BMO cuts Aritzia stock price target to Cdn$74, keeps Outperform

Published 17/04/2025, 16:20
BMO cuts Aritzia stock price target to Cdn$74, keeps Outperform

On Thursday, BMO Capital Markets adjusted its outlook on Aritzia (ATZ:CN) (OTC: OTC:ATZAF), a fashion retailer, by reducing its price target from Cdn$74.00 down from Cdn$80.00. Despite this change, the firm maintained its Outperform rating on the company’s shares. Currently trading at $30.13, the stock has experienced a challenging year with an 18.37% YTD decline, according to InvestingPro data.

Analysts at BMO Capital indicated that their recent web traffic analysis from March 25 has yielded positive insights. Aritzia’s total web traffic in March increased by 13%, demonstrating a slight deceleration from the 15% growth observed in February. The Canadian market showed consistent performance with no growth change compared to February, while the U.S. market continued to show strong results with a 28% increase, albeit slightly lower than the 34% increase in the previous month. This digital momentum aligns with the company’s overall revenue growth of 10.36% over the last twelve months, with InvestingPro analysis showing strong financial health metrics.

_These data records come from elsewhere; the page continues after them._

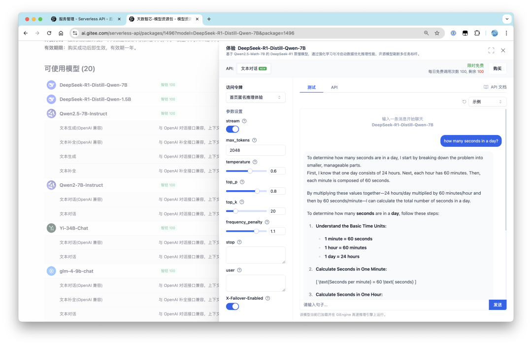 同样,Gitee AI 天数智芯算力资源包中的DeepSeek-R1-Distill系列模型依然面向全体开发者免费使用!
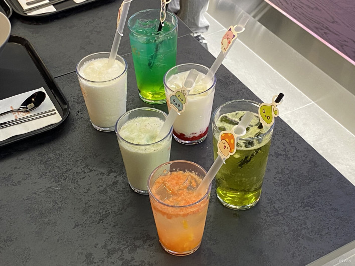 Food is a PC bang essential. It’s common these days to “just eat at the PC bang,” and, true to Lee’s comments, Maple Agit offers a full MapleStory-themed F&B lineup. Main dishes include “Nemi’s Lunchbox,” “Kkil-kkil Fried Rice,” “Gallina Tomato Dakgangjeong,” “Gallus Garlic Dakgangjeong,” and “Boo-hoo Fried Sundae (fried Korean blood sausage).” Drinks include “Pink Bean Strawberry Latte,” “Slime Green Grape Ade,” “Orange Mushroom Grapefruit-Orange Ade,” “Yeti Plain Yogurt Smoothie,” “Spirit of the Rock Pistachio Smoothie,” and the house special “Agit Elixir.”
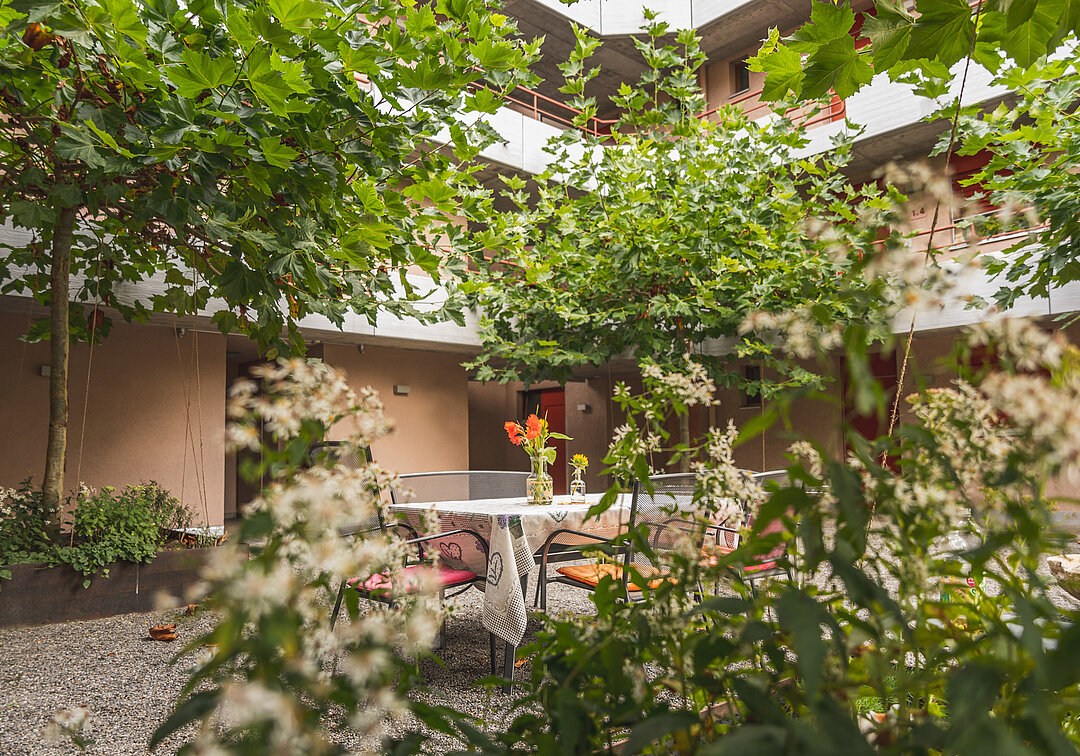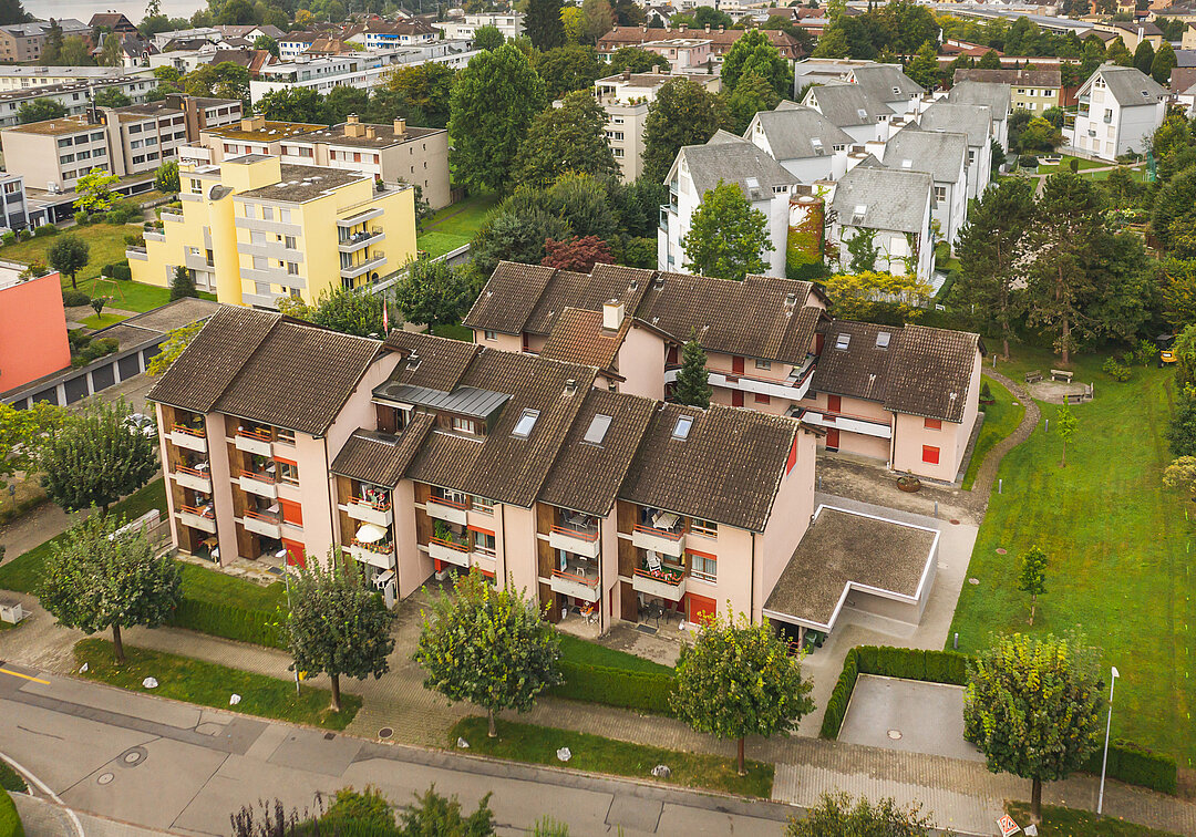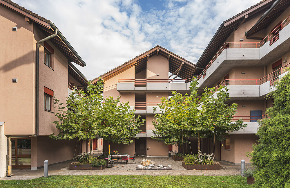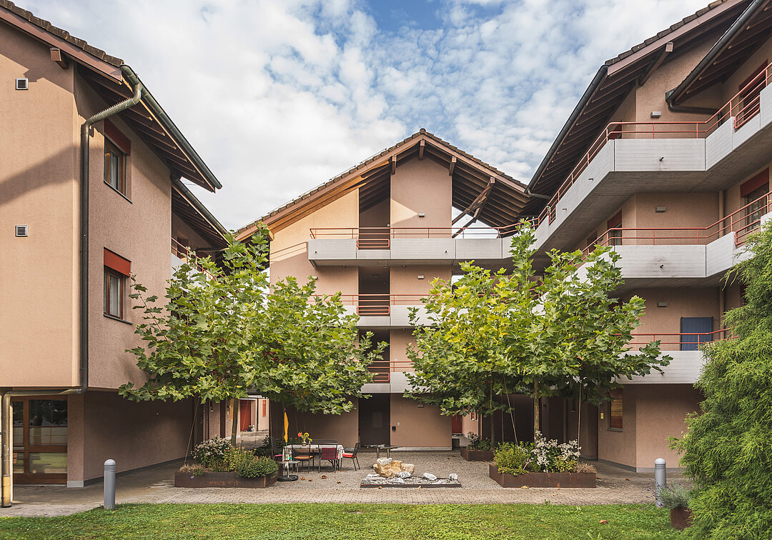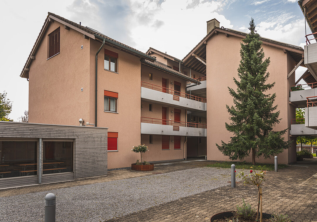 Die Wohnungen sind einfach, jedoch zweckmässig eingerichtet. Die Kleinwohnungen verfügen über eine begehbare Dusche/WC. Die zwei 4-Zimmer-Wohnungen haben zusätzlich eine Badewanne. Aussenanlagen mit Bänkli und einer Pergola laden zum Verweilen ein.

The sustained growth in web traffic is attributed to consumer engagement with Aritzia’s new spring product launches. BMO analysts believe that the company’s ability to attract and retain customers is a testament to the strength of its brand, the diversity of its sourcing, and the appeal of its Everyday Luxury value proposition.

Despite the positive web traffic trends, BMO Capital has adjusted Aritzia’s price target to reflect the broader sector’s multiple compression. This adjustment is due to the heightened risks associated with tariffs, which remain a variable factor in the industry. However, the analysts expressed confidence in Aritzia’s capability to effectively navigate these challenges, given its strong brand momentum and strategic positioning.

In other recent news, Aritzia has been the subject of positive analyst coverage, with both Desjardins and Jefferies initiating Buy ratings on the company. Desjardins set a price target of C$82, highlighting Aritzia’s potential for significant earnings per share growth, projecting approximately 40% growth in fiscal year 2026 and around 20% growth in fiscal year 2027. This optimistic outlook is attributed to factors such as industry growth, increasing brand awareness, and strategic store expansions. Meanwhile, Jefferies set a slightly higher price target of Cdn$85, emphasizing Aritzia’s opportunities for store and sales channel expansion, as well as improving profit margins. The firm noted the potential for real estate growth in the United States as a key driver for the company’s long-term targets. Both analysts acknowledged Aritzia’s strong financial position and strategic initiatives, which could enhance shareholder value. These recent developments suggest a strong conviction in Aritzia’s growth prospects and market position.